Тетки мои, которые бывают у нас в доме деда в Рогожской, тоже другие – толстые, с черными глазами. А дочери их, молодые, худые, бледные, робкие, сказать боятся, конфузятся. «Какие разные люди, – думал я. – Отчего это?»
Пришла тетка Алексеева и сидела в зале на кресле и горько плакала, вытирая слезы кружевным платочком. Говорила в слезах, что Аннушка залила настурции – поливает и поливает. Я подумал: «Какая чудная тетка. О чем плачет».
Другая моя тетка, помню, сказала про мою мать: «Белоручка. Она не знает до сих пор, куда в самовар воду наливают и куда угли кладут». А я и спросил мать – куда угли кладут в самовар. Мать посмотрела на меня с удивлением и сказала: «Пойдем, Костя». Повела меня в коридор и показала в окно сад.
Зима. Сад был весь в инее мороза. Я смотрел: действительно, это было так хорошо – все белое, пушистое. Что-то родное, свежее и чистое. Зима.
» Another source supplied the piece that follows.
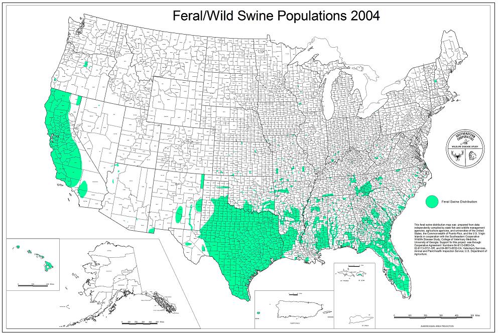 Also notice that after 88 they no longer even tried to keep track of areas with less than 10 per square mile. This was because the map basically would have covered the entire south by 2004 if they had. These maps also only track KNOWN swine herds. IE those that have been tagged by the National Feral Swine Mapping System.

А потом мать рисовала эту зиму. Но не выходило. Там были узоры ветвей, покрытые снегом. Это очень трудно.
– Да, – согласилась мать со мной, – эти узоры трудно сделать.
Тогда я тоже начал рисовать, и ничего не выходило.
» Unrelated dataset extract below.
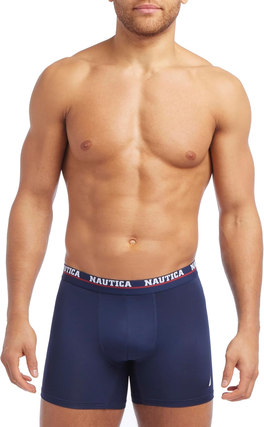 Experience ultimate comfort with Nautica Limited Edition Micro Stretch Boxer Briefs. Featuring a Polyester/Spandex construction with super soft, moisture wicking, lightweight fabric and the perfect amount of stretch. Contour Pouch for added support with elastic waistband for a smooth secure fit and signature Nautica Logo. Perfectly tailored with a No-ride-up fit and enhanced breathability to keep you cool and comfortable for long lasting wear. Nautica Boxer Briefs Men's Underwear offered in a 4-Pack.

IIIПосле смерти деда в доме на Рогожской улице все постепенно изменилось. Мало осталось ямщиков. Уже не было слышно вечером их песен, и конюшни опустели. Стояли покрытые пылью огромные дормезы; унылы и пусты были дворы ямщиков. Приказчика Ечкина не было видно в нашем доме. Отец мой был озабочен. Много приходило людей в дом. Помню, как отец платил им много денег и какие-то белые бумажки длинные, векселя, он складывал вечером вместе, перевязывал бечевкой и клал их в сундук, запирая. Как-то уезжал он. В парадном ходе крыльца моя мать провожала его. Задумчиво смотрел отец на окно, покрытое инеем мороза. Отец в руках держал ключ и, задумавшись, прикладывал ключ к стеклу. Там образовалась форма ключа. Он переставил его в новое место и сказал матери:
– Я разорен… Дом этот продадут.
* * *Уже прошла Николаевская железная дорога и окончена была до Троице-Сергия, а также построена была дорога и до Нижнего Новгорода. Так что ямщина была закончена. По этим дорогам уже редко кто ездил на лошадях: ямщина была не нужна… Значит, отец сказал: «Я разорен», потому что дело кончилось. Троицкую железную дорогу провели Мамонтов и Чижов, друзья моего деда. Вскоре я с матерью переехал к бабушке, Екатерине Ивановне Волковой. Мне очень нравилось у бабушки, а потом оттуда переехали мы на Долгоруковскую улицу, в особняк фабриканта Збука. Кажется, – хорошо не помню, – отец мой был мировой судья. Большой двор был у дома Збука и большой сад с заборами, а дальше шли полянки. Еще не отстроена была хорошо Москва, Сущево. Вдали были видны фабричные трубы, и помню я, как на праздниках на эти полянки выходили рабочие, сначала молодые, потом постарше, друг перед другом кричали: «выходи», «отдай наше» – и дрались друг с другом. Это называлось «стенка». До самого вечера слышался крик: то были игры-драки. Я много раз видел эти драки.
Мебель в особняк Збука была перевезена из нашего рогожского дома, который уже был продан. Но и эта жизнь в Москве была недолгой.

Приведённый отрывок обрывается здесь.